Analisi degli allineamenti di sequenza ottenuti su basi strutturali saranno condotte per identificare i residui conservati e coinvolti nella rete di riconoscimento in domini PDZ canonici e topologicamente alterati.
Secondo anno. Poiché la cinetica di legame dei domini PDZ naturalmente permutati non è ancora stata esplorata, ci proponiamo di studiare il processo di riconoscimento del ligando nel caso di D1pPDZ, utilizzando la stessa strategia descritta per la caratterizzazione della cinetica di legame di PDZ2. In questa fase del progetto, quindi, verranno caratterizzati diversi mutanti sito-specifici di D1pPDZ. Inoltre, poiché il riconoscimento ed il legame di target proteici possono essere processi estremamente rapidi, verranno utilizzate anche metodiche di cinetica ultra-rapida. La opportunità di utilizzare metodiche di mescolamento a flusso-interrotto con tecniche di mescolamento ultra-rapido ci permetterà di esplorare i primissimi eventi nel riconoscimento del peptide bersaglio e i cambiamenti conformazionali accoppiati alla formazione del complesso PDZ-ligando.
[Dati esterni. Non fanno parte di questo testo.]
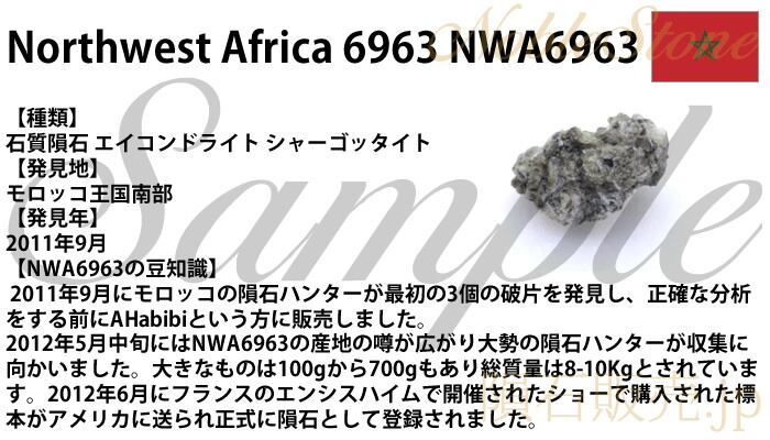 正式な隕石名はNorthwest Africa 6963です。2011年9月にモロッコの隕石ハンターが最初の3個の破片を発見し正確な分析をする前にAHabibi氏に販売しました。その後、この隕石ハンターは約6か月間、同じ場所で破片の収集をし続け、2012年5月中旬にはNWA6963の産地の噂が広がり大勢の隕石ハンターが収集に向かいました。大きなものは100gから700gもあり総質量は8-10kgとされています。2012年6月にフランスのエンシスハイムで開催されたショーで購入された標本がアメリカに送られ正式に隕石として登録されました。NWA6963の別名は採取された場所にちなんでフェイエルリーとも言います。
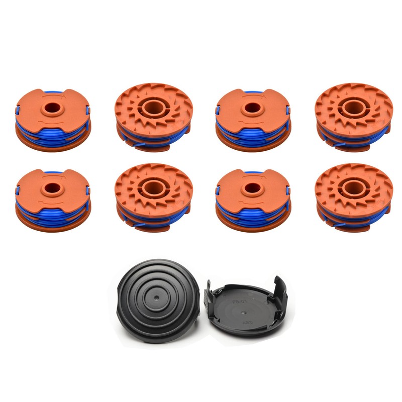 RUIITEN 10Pcs WX100 Replacement Trimmer Spool Set, 1.65mm x 8.3m Weed Eater Lines & Caps for Qualcast String Trimmer Weed Eater GT25 GGT350A1 GT30 GGT450A1 and WG100E WG104E1 (8 Spools + 2 Caps)

Caratterizzazione del meccanismo di riconoscimento dei ligandi di CPa- D1pPDZ.
Sarà inoltre valutata la possibilità di condurre esperimenti di cinetica di legame anche utilizzando ligandi proteici non troncati.
Il laboratorio della U.R. di Roma è adeguatamente attrezzato per condurre la ricerca proposta; è infatti disponibile tutta la strumentazione necessaria per il clonaggio, la mutagenesi, le crescite batteriche (anche su larga scala) e la espressione e purificazione di proteine ricombinanti. E’ inoltre disponibile un’ampia varietà di strumenti per la caratterizzazione delle proprietà spettroscopiche e termodinamiche delle proteine. La analisi della cinetica di folding è resa possibile dalla disponibilità di diversi apparati di mescolamento rapido (stopped-flow; risoluzione temporale nei millisecondi) e super-rapido (continuous-flow; risoluzione temporale nei microsecondi; 34).
E’ disponibile un robot per la cristallizzazione delle proteine ed un apparato di diffrazione della luce.
Analisi bioinformatiche. L'analisi delle sequenze per ricercare la presenza di eventuali domini circolarmente permutati e non ancora annotati si basera' sulla identificazione di regioni conservate che saranno utilizzate per costruire profili e modelli statistici tipo Hidden Markov Model. La costruzione dei modelli sulla base dei vincoli sperimentali si avvarra' del programma Rosetta sviluppato da David Baker (35), a tutt'oggi il piu' accurato per la costruzione di modelli tridimensionali (36). I modelli prodotti da Rosetta devono essere analizzati per identificare i piu' plausibili. Utilizzeremo il metodo Pcons (37), recentemente dimostratosi il migliore (38) e metodi attualmente in via di sviluppo nel nostro gruppo.